Related Work & Insights¶
- vs. "Platonic Representation Hypothesis": This hypothesis suggests that representations of models across modalities are converging. This paper provides new evidence through counterfactual experiments—generalization fails when conceptual alignment between modalities is destroyed.
- vs. Controlled Rearing Experiments: This research paradigm is similar to training LMs on controlled corpora to test generalization but extends the approach to a cross-modal setting.

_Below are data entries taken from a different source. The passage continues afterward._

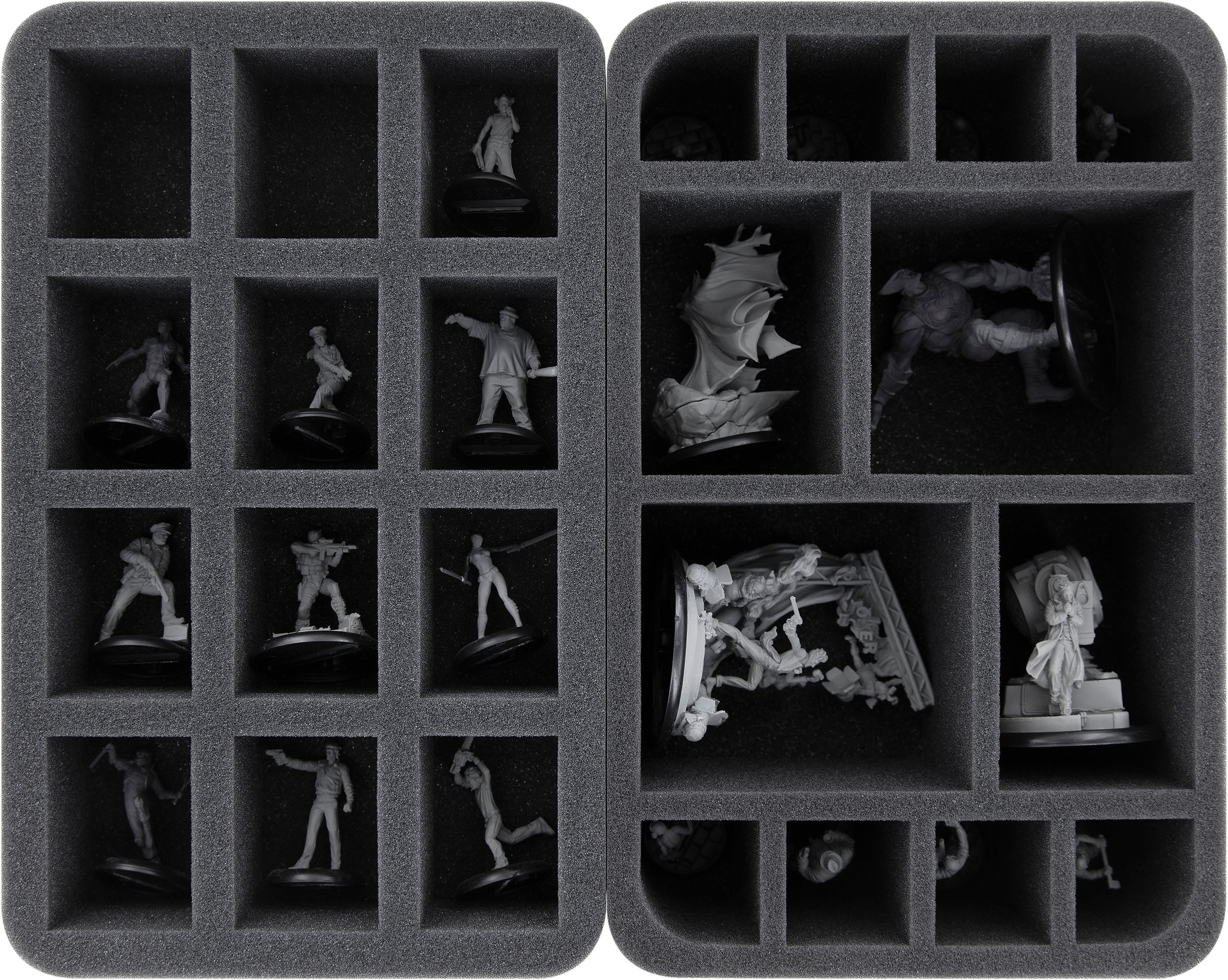 Grazie al taglio su misura, le miniature stanno strette nei loro scomparti. Anche quando vengono trasportate sui corpi dei nemici sconfitti, le miniature non scivolano e rimangono al loro posto. La morbida schiuma a pori fini protegge i dettagli intricati dalla rottura e i colori dei tuoi modelli colorati da graffi e abrasioni della vernice.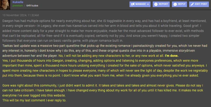 庫基爾在她帖子的結尾,提到了另一位MOD製作者戈爾德夫(Goredev)。戈爾德夫的隨從MOD也擁有超 130 萬次下載量,但他在經過 18 個月的MOD更新後,於 8 月退出了這個領域,據傳是因爲遭到了人肉。庫基爾說:“戈爾德夫對這個(玩家)羣體的看法是正確的…… 這個羣體一直在索取、索取、索取,卻幾乎從不給予回報。請不要說我聽不得批評,我已經聽夠了。我爲了你們所有人把我作品裏的所有東西都改了個遍,直到我心力交瘁。每次登錄這個網站都讓我噁心。這將是我回復的最後一條評論了。” 在她的 Discord 帖子中,庫基爾還聲稱,除了對她作品的批評之外,她的照片也在玩家羣體中被四處傳播,同時還伴有詆譭性的評論。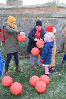 Weil die roten Ballons sich im letzten Jahr als besondere Blickpunkte bewährt hatten, bereitete Swantje Sy (1.v.l.) sie auch für den diesjährigen Baum vor.
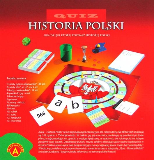 Gra edukacyjna dla całej rodziny. Na 88 kartach znajdują się 352 pytania i 704 odpowiedzi. W trakcie gry jej uczestnicy poruszają się pionkami po torze planszy i odpowiadają na pytania z wyciągniętych kart, w zależności od koloru pola na którym postawili swój pionek. Dodatkowe punkty można zdobyć określając jakie ważne wydarzenie w historii Polski miało miejsce pod datą widniejącą na karcie z talii kart "ważnej daty". W trakcie gry wiele emocji zapewnią również strzały do celu z katapulty, które będą sprawdzianem umiejętności manualnych graczy. [empik.pl]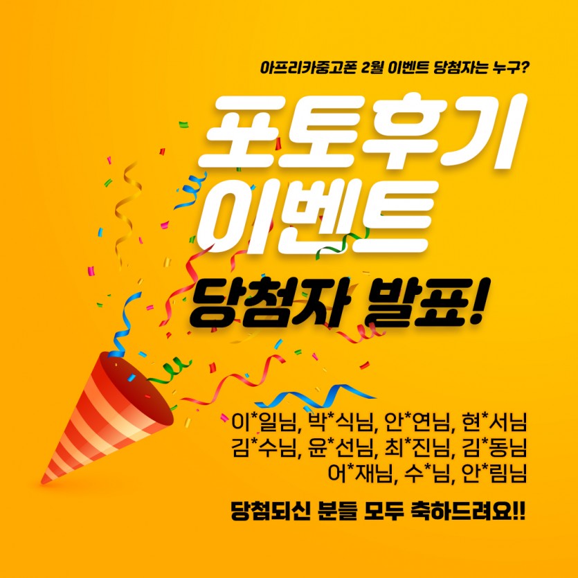 이벤트 2월 포토후기 당첨자 안내 작성일23.03.09 15:43 | 조회수 1,337 2월 당첨자 안내입니다. 이*일님, 박*식님, 안*연님, 현*서님김*수님, 윤*선님, 최*진님, 김*동님어*재님, 수*님, 안*림님포토후기 이벤트에 참여해주신 모든 분께 감사드리며, 선정되신 분께는 순차적으로 모바일 상품권이 발송됩니다. 이전글1차 다사자경매 낙찰자 공지! 다음글23년 1월 첫번째 포토후기 이벤트 당첨자 안내! 목록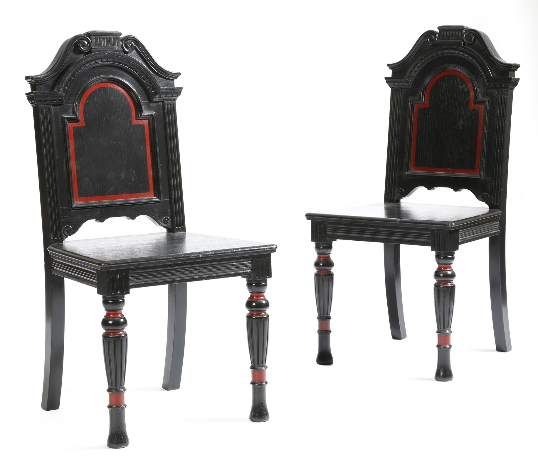 A pair of ebonised hall chairs, with red painted highlights, each with an architectural panelled back, on fluted front legs, late 19th / early 20th century. (2)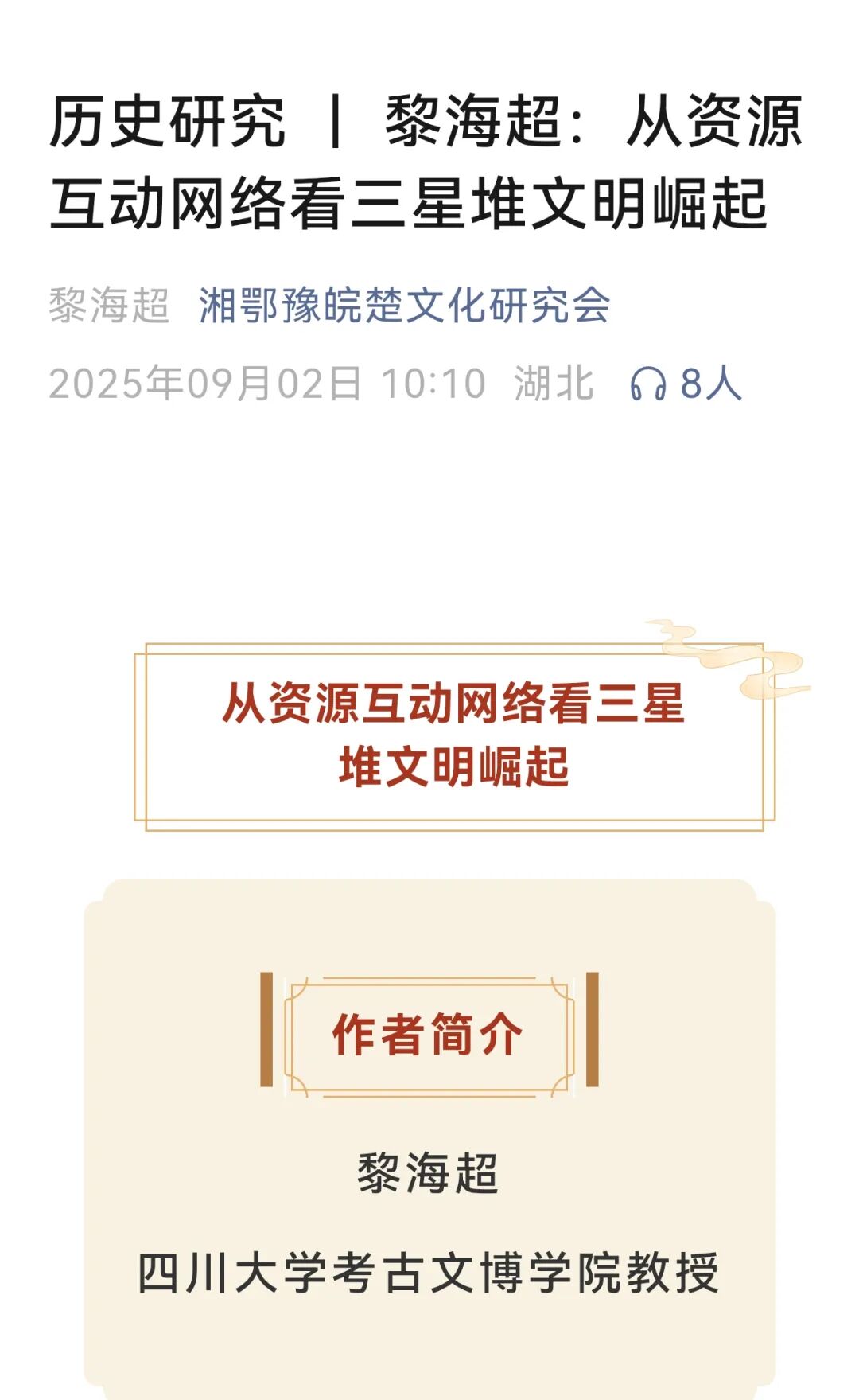 四川大学考古文博学院教授、四川大学三星堆遗址考古队现场领队黎海超在近期发表的《从资源互动网络看三星堆文明崛起》一文中指出“三星堆文明成果多从中原、西亚等地输入” ,只字不提三星堆是否对其它地方产生影响。这种观点忽略了文明交流中 “双向流动、互哺共生” 的底层规律。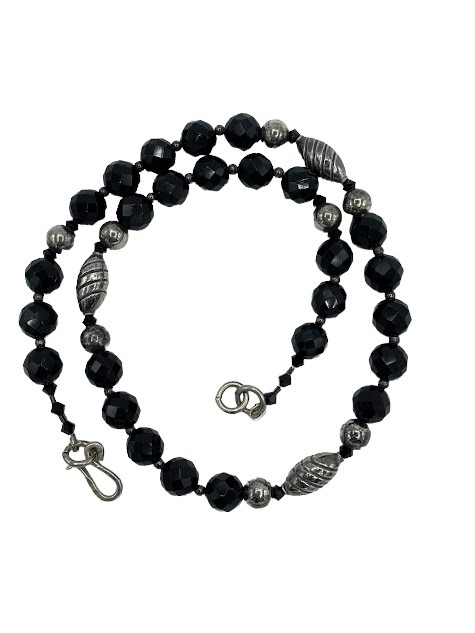 Gorgeous faceted black onyx gemstone beads with 925 sterling silver oval carved station beads and round spacer beads. There is a hand hammered hook closure. The necklace weighs 43.25g and measures 20 inch total length. This is an outstanding necklace very well made and substantial. Comfortable length to wear. Beautiful gemstones. This necklace is unmarked, but I have tested the all the beads. The silver beads test at 925 sterling silver and the onyx is genuine. A fabulous addition to your collection.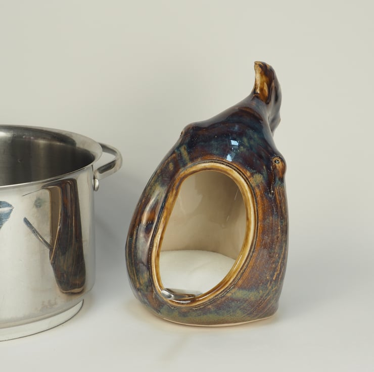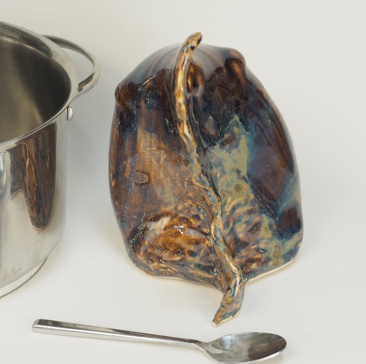 Finished in a richly coloured brown glaze on the outside, and foodsafe transparent on the inside.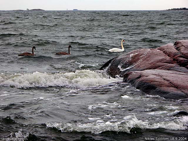 Helsinki: Kyhmyjoutsen poikasineen Lauttasaaren kaakkoisrannan aallokossa.
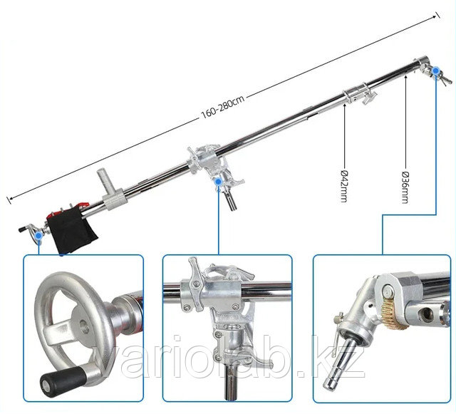 4-секционная кран-стойка для осветительных приборов. Крепление типа маятника. Противовес выполнен в виде мешка для грузов. Отличное решение для выноса рисующего света, отражателя или любого другого фото-оборудования в компактных пространствах. Максимальная грузоподъемность до 30 кг

- vs. VLM LM-bias Research: Reinterprets the "LM dominance" phenomenon from a "bug" into a "feature" that can be leveraged.
Rating¶
- Novelty: ⭐⭐⭐⭐⭐ Novel research question and exquisite experimental design.
- Experimental Thoroughness: ⭐⭐⭐⭐⭐ Extremely systematic control experiments across multiple models, ablations, and shuffling methods.
- Writing Quality: ⭐⭐⭐⭐⭐ Clear logic, moving seamlessly from hypothesis to experiment to conclusion.
- Value: ⭐⭐⭐⭐ Provides important insights into the nature of LM knowledge and cross-modal transfer.